AWS Backup Part 2: Backing Up and Restoring Resources

AWS Backup Training Center: Restoring your backup and quick recovery options
Share This Post

A step-by-step guide to backing up your resources using AWS Backup was presented in the previous article in this series. That post described how to create a vault, how to choose or create a backup plan and its rules, and how to assign desired resources. 

This article will walk you through how to restore the backup using the web UI and how to both backup and restore your resources using the AWS CLI instead of the AWS web console.

Restoring Your Resources Using the AWS Web UI: A Step-By-Step Guide

Let’s pick up where we left off in the previous article. Open the AWS Backup dashboard. There, you’ll have the option to restore the backups that have been made.

At the moment, we only have one resource configured for backups—our EBS volume

If we open the resource, we can see that two backups have been completed over the past two days. In this example, we’re going to restore the first backup that was made. Choose the older recovery point, and click on “Restore.”

Several options exist here. First, since we backed up an EBS volume, we can either restore it as an EBS volume or as a Storage Gateway volume. The latter option can be very useful in Disaster Recovery (DR) scenarios. Next, you can choose the volume type that it will be restored as. Even if you backed up a General Purpose (gp2) volume, at this point, you have the option to switch it to a Provisioned IOPS (io1) volume or any other type of volume. Because you also pick the desired volume size here, you can increase volume capacity at this step and prevent the need to modify the volume later. You can also choose your Availability Zone (AZ) here, something worth doing if you are using specific AZs in your business environment.

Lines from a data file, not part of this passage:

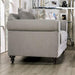 KACEY Loveseat, 62"L X 37"W X 40"H, 150lbs. Two unique pairs of pillows complete a soft pastel visual masterpiece that is made in the U.S.A. - an amazing love seat that features clean lines and faux linen fabric. The level of comfort matches the exceptional style, perfect for a lazy day of lounging - all the while appreciating the superior American construction.
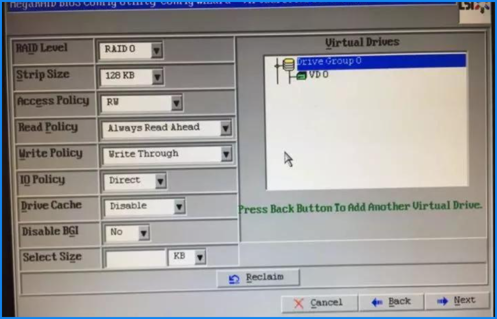 确认后,生成VD 0,产生RAID组配置。直接点击Next即可
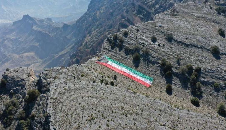 شاهد بالفيديو ..الكويت تدخل موسوعة غينيس برفع أكبر علم على جبل شمس
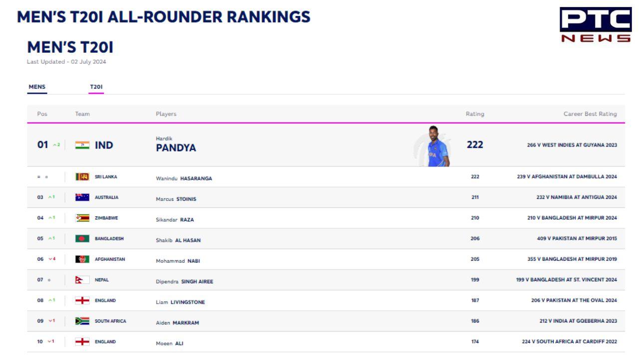 ICC T20I Player Rankings | Hardik Pandya climbed to the No. 1 spot in the ICC T20I all-rounder rankings, as per the ICC official website.

Finally, you can specify an IAM role that AWS Backup will assume. You can use the default here. 

When you are done with the configuration, click on “Restore backup.”

The restoration process will now begin. You can watch its progress under the “Jobs” tab. The process of restoring a volume usually takes a couple of minutes.

When restoration is complete, the status shown on the screen will change, and your new resource ID will appear.

You can find the new volume using its ID. As you can see in the screenshot above, the volume is available for use.

Backing Up Your Resources Using the AWS CLI: A Step-By-Step Guide

Whether you can’t access the AWS web UI or you simply want to introduce automation into various processes, knowing how to use the AWS CLI to backup and restore resources is very handy. It’s a bit less intuitive than working with the web UI, but, since the AWS CLI is a powerful tool for DevOps engineers, it’s worth learning how to use it. Additionally, some features, like adding notifications for the vault, are only available through the CLI.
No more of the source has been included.